[THE DATA Boundary: Start]
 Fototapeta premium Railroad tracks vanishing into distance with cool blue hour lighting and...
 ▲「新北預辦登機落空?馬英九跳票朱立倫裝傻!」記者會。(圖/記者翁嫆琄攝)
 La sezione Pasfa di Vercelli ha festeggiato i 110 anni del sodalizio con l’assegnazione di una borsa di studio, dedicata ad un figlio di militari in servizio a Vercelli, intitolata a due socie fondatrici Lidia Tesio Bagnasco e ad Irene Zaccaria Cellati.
[THE DATA Boundary: End]
[THE DATA Boundary: Start]
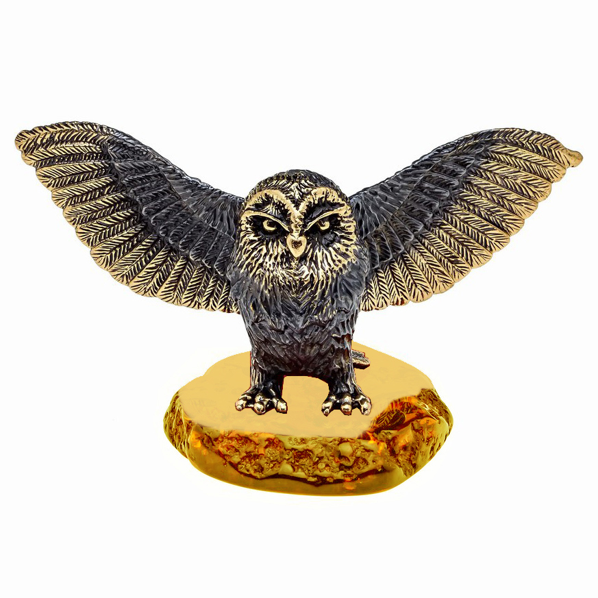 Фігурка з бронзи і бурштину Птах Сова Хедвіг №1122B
[THE DATA Boundary: End]
In the listing above, find the line with "Fototapeta premium Railroad" and the line with "La sezione Pasfa". Output those two lines and every line between them, exactly as written.

 Fototapeta premium Railroad tracks vanishing into distance with cool blue hour lighting and...
 ▲「新北預辦登機落空?馬英九跳票朱立倫裝傻!」記者會。(圖/記者翁嫆琄攝)
 La sezione Pasfa di Vercelli ha festeggiato i 110 anni del sodalizio con l’assegnazione di una borsa di studio, dedicata ad un figlio di militari in servizio a Vercelli, intitolata a due socie fondatrici Lidia Tesio Bagnasco e ad Irene Zaccaria Cellati.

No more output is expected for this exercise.